The directional movement index (DMI) is a technical indicator created by J. Welles Wider in 1978. Wilder is also the architect of another commonly used indicator called the relative strength index. The DMI is extremely helpful for measuring price direction as well as the strength of the movement. It is generally suitable for trading trending and ranging markets. Many traders use the directional movement index as part of their entry-exit strategy and to make decisions about whether to go long or short.

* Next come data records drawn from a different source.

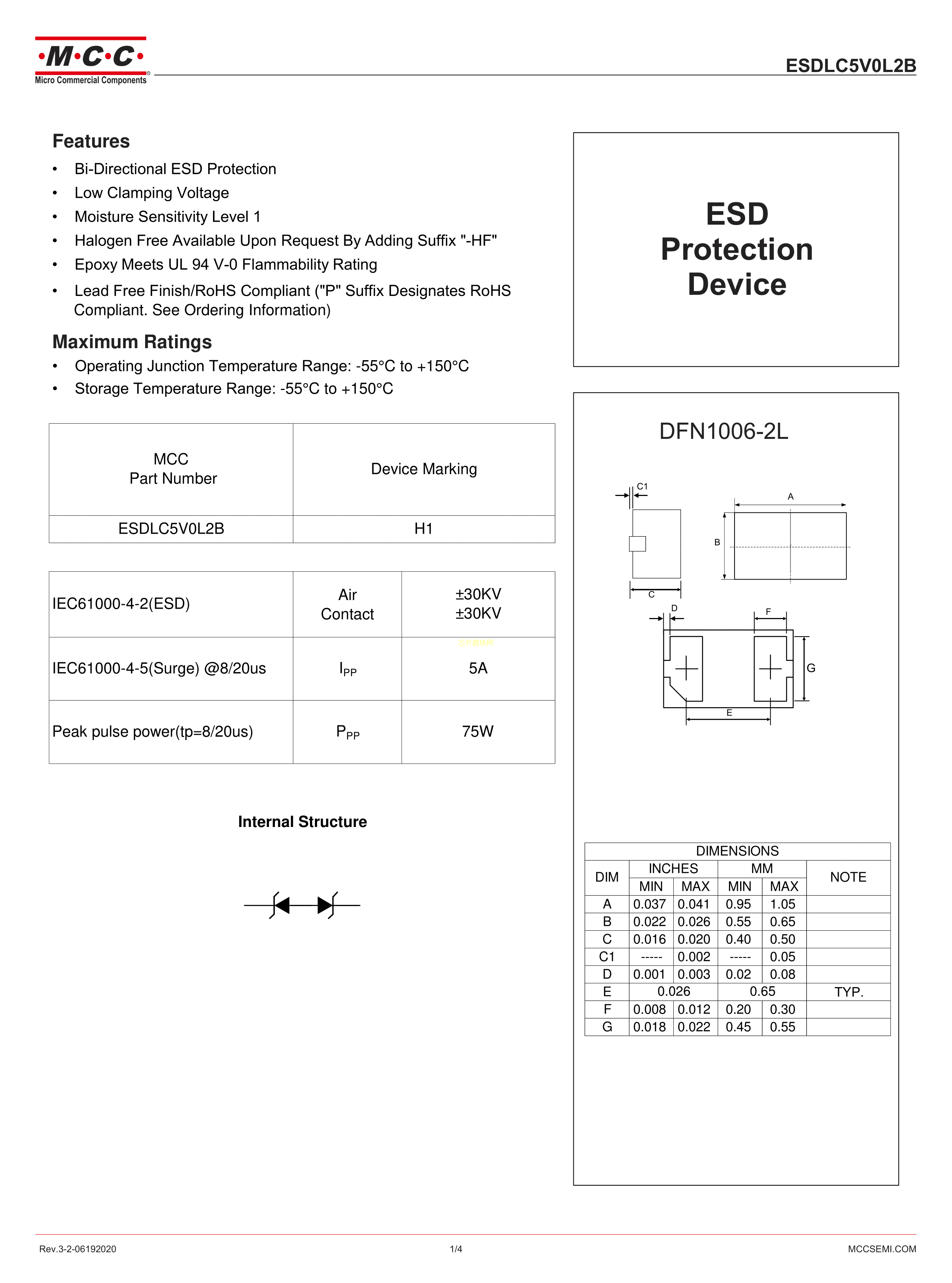 ESDLC5V0L2B-TP数据手册DFN1006封装MCC(美微科)PDF规格书,中英文下载
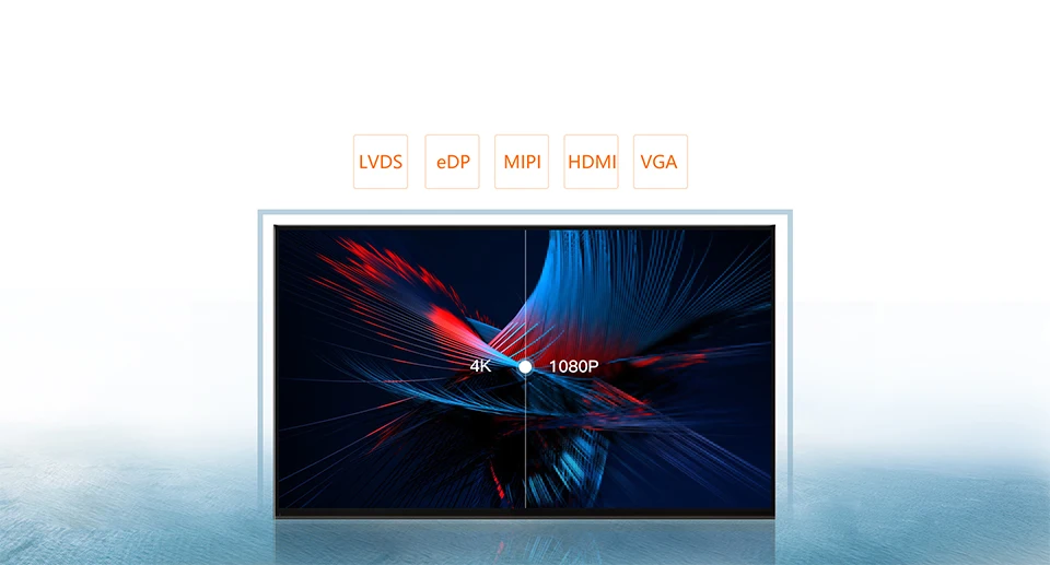 It supports LVDS/EDP/MIPI/HDMI/VGA display interfaces, 4K hardware decoding, dual-screen identical display/dual-screen differential display, and can drive the mainstream 5~100 inch display directly.
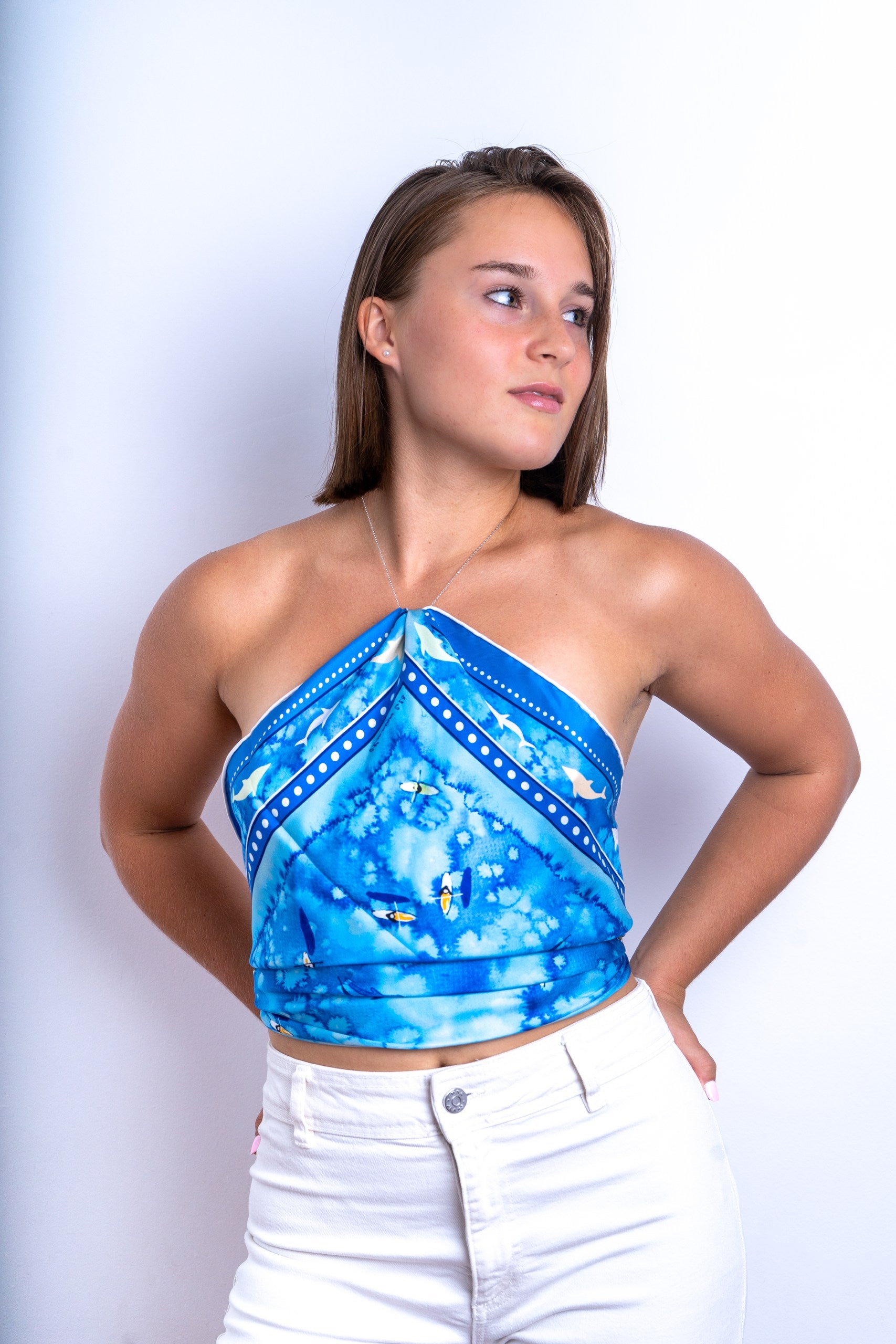 À chaque mouvement de ce foulard, on sent le souffle de la mer — le murmure des vagues et la lumière qui caresse l’eau.
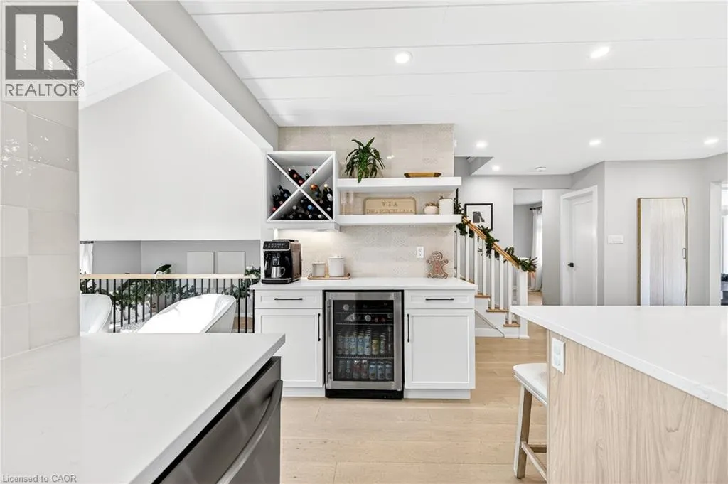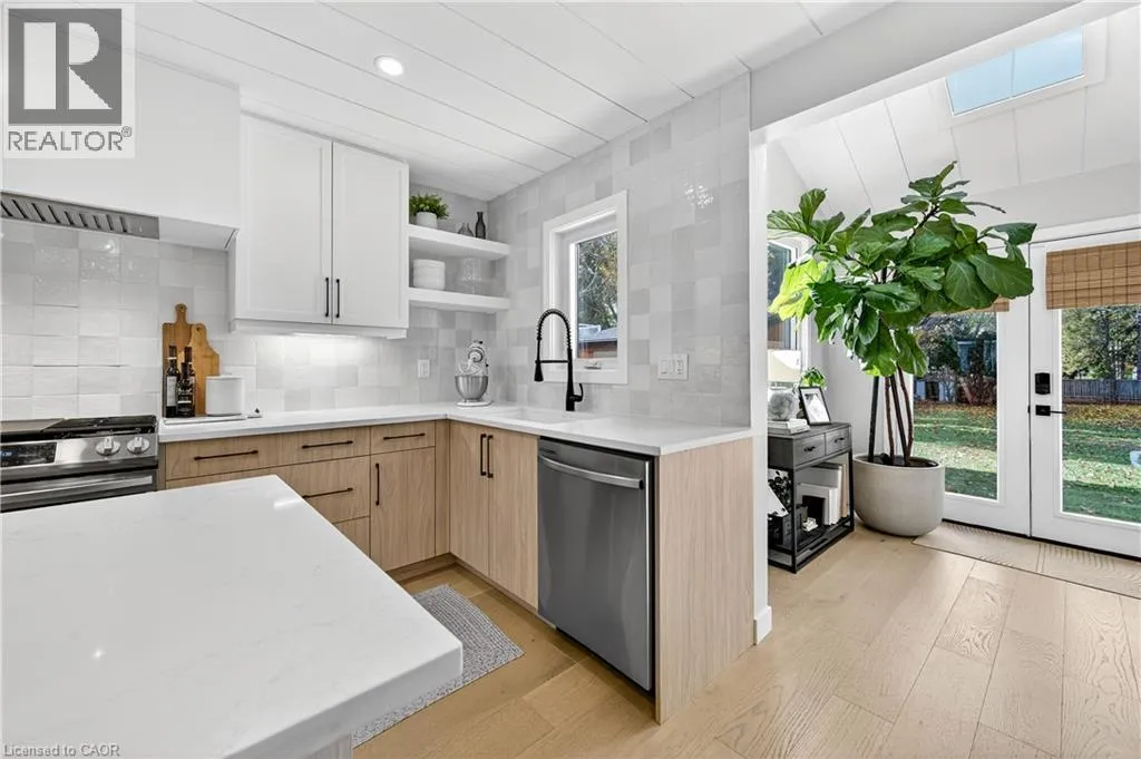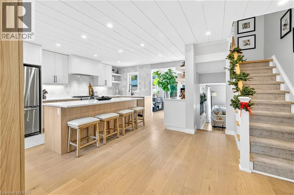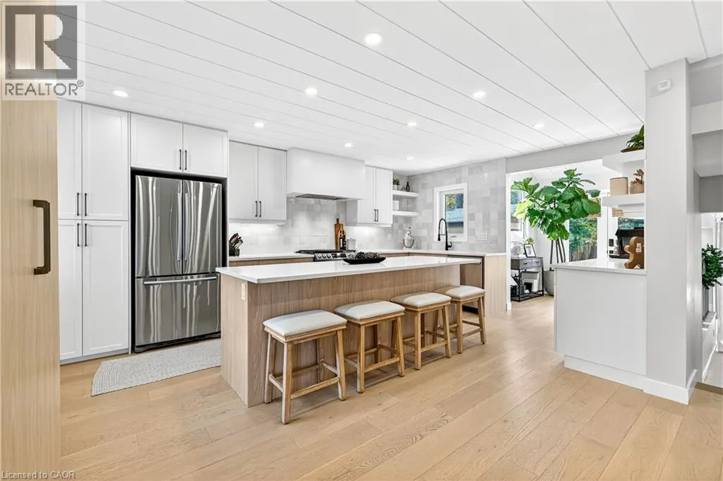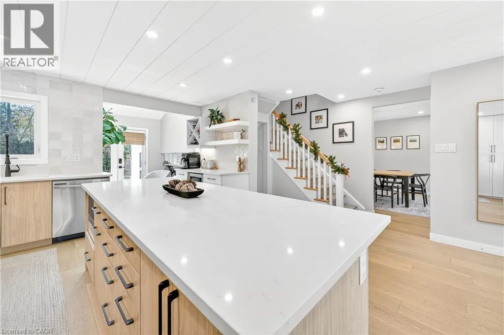 Turn onto Central Dr from Wilson St. 4th house in on the left. Exceptional opportunity in one of Ancasterâs most sought-after pockets. Situated on family-friendly Central Drive, this home sits steps from parks, schools, trails, and steps to Ancaster Village, shopping, restaurants, and highway access â truly an unbeatable location. This property has been extensively updated and expanded with a permitted addition (2024) that added a full garage, a versatile flex space (ideal for an office or playroom), and two extra bedrooms above. Nearly every major component of the home has been modernized in the last few years: complete kitchen renovation (2021) with all new appliances, new flooring, subfloor and trim throughout, updated mechanical systems, new windows and doors, fully refreshed bathrooms, and shiplap ceilings on the main level. Exterior improvements include a full-property fence (2023), a truly unique and beautiful permitted backyard gazebo (2025), brand new driveway, concrete pad, complete property re-grading, updated drainage, new steps, gutter guards, new eaves/soffits/fascia, and a new roof on the entire home (2024). Insulation upgrades include spray foam in the loft/office and blown-in top-up over the primary bedroom. The addition is serviced with its own furnace and HRV for efficient comfort. A rare opportunity to move into a beautifully updated home in an unbeatable Ancaster location â completely turn-key and ready to enjoy. (id:27476)

The DMI is a tool commonly used by traders to distinguish between weak and strong trends. It is extremely popular with individuals who utilize trading strategies based on trend following systems. It can be used to trade a wide variety of assets, including stocks, commodities and currencies. The directional movement index is actually a moving average of the price range and is typically calculated over a 14-day period. The DMI calculation is based on the price range of the asset over a specific period. Then the most recent price is weighed against the previous price range.

A line scaled from 0 to 100% is used for the purpose of rating the directional movement of a price. The higher the value of the DMI is, the stronger the signal for a trend. On the other hand, the lower this value is, the less the potential for a trending price movement.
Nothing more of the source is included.